The Mayor’s Office said the administration has “three main goals in the coming months: 1. Address significant public safety concerns, 2. Implement a pre-winter shelter plan, and 3. Build a reliable and predictable shelter plan throughout the winter.” year and meet housing needs.”

Upcoming plans “will take vehicles and trailers into consideration,” the mayor’s office said. LaFrance’s special assistant on homelessness, Farina Brown, will speak with people in the encampments “to learn more about the factors that make encampments dangerous and how they can be mitigated.”

“We have begun work to ensure we are in a different place as we move forward,” the Mayor’s Office said.

In April, the Anchorage Assembly laid the legal groundwork to create “designated safe parking areas” for homeless people living in vehicles.

The encampments on Fairbanks Street and 33rd Avenue “are the perfect examples of the need for these designated areas for people to hang out,” said Assemblymember Felix Rivera, who represents Midtown.

But the former Bronson administration didn’t create one when winter shelters closed in late May, Rivera said. LaFrance took office in July.

“We’re really in this unfortunate period of transition where all of this, this nexus of issues, is coming together and people want to see action,” Rivera said. “Now we have a new administration that is still recruiting staff, that is dealing with all of these issues from the old administration, and now they are having to try to resolve these huge, critical health and safety issues.”

“This is a horrible situation for everyone,” he added.

The city was able to successfully clean up two other small camps and, with the Anchorage Coalition to End Homelessness, moved those people directly into housing, Rivera said.

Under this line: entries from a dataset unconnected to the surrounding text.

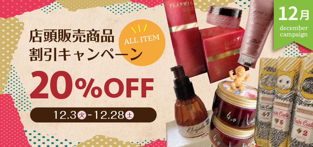 12月恒例の店販キャンペーンが今年も始まります!販売商品を全品20%OFFにて販売致します!ぜひこの機会にどうぞ。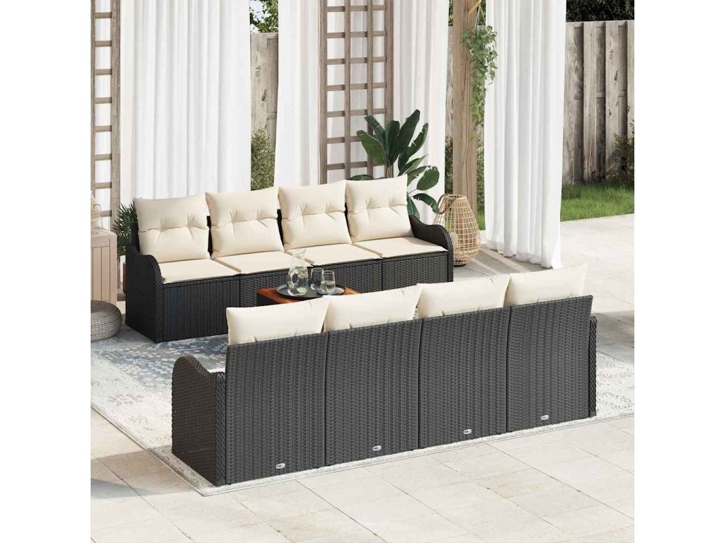 Sada zahradních pohovek s polštářem 9 pcs Černá polyratan 3347425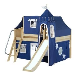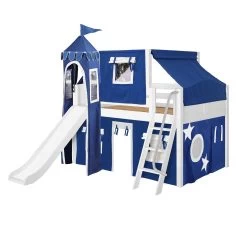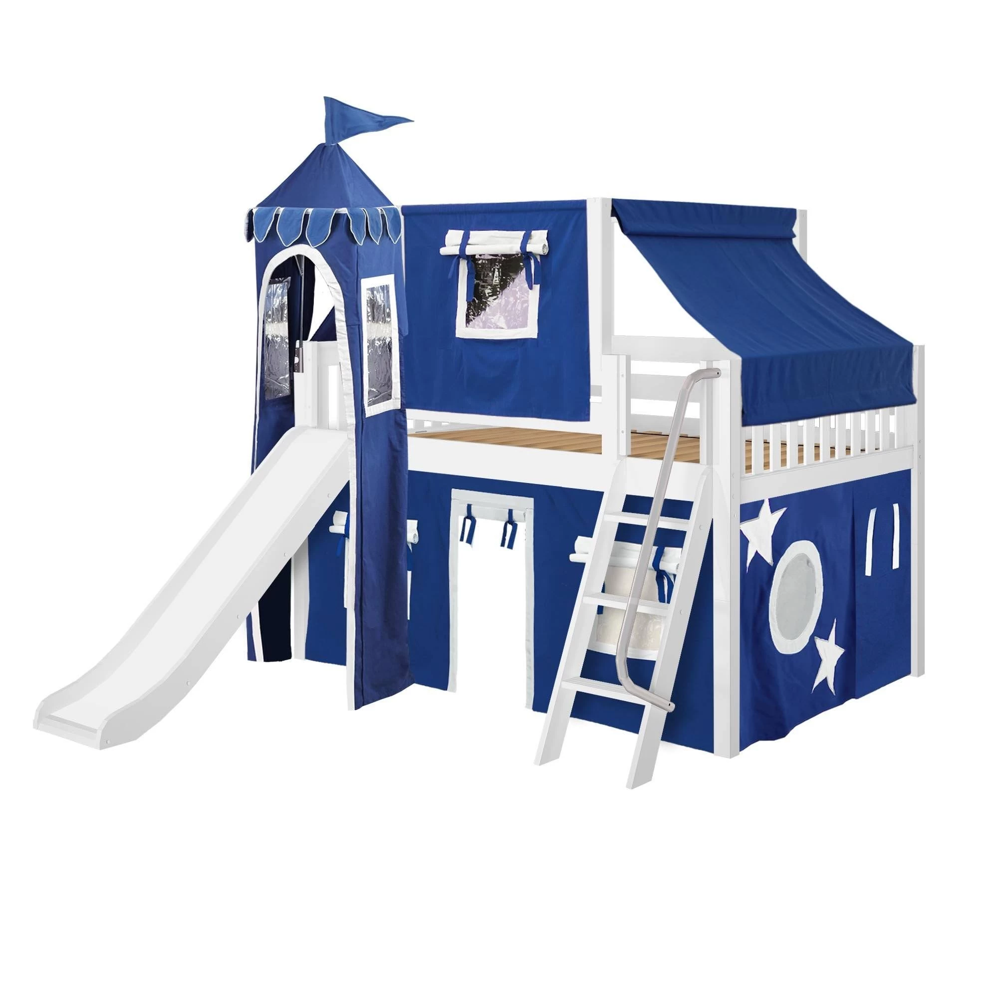 Maxtrix Full Low Loft Bed With Angled Ladder, Curtain, Top Tent, Tower + Slide

But when encampments become large and unsafe, like the former encampment on Fairbanks Street, it is difficult for the homeless community and other social workers to come in and offer services.

“And in the absence of a working model for how to deal with this situation, it is somewhat chaotic and frustrating,” Rivera said.

Rivera said he believes the LaFrance administration will make progress, but it will take some time.

Community frustrations over the camps have been growing for years, he said.

“I feel like we’re at a boiling point here and we need something to happen,” Rivera said.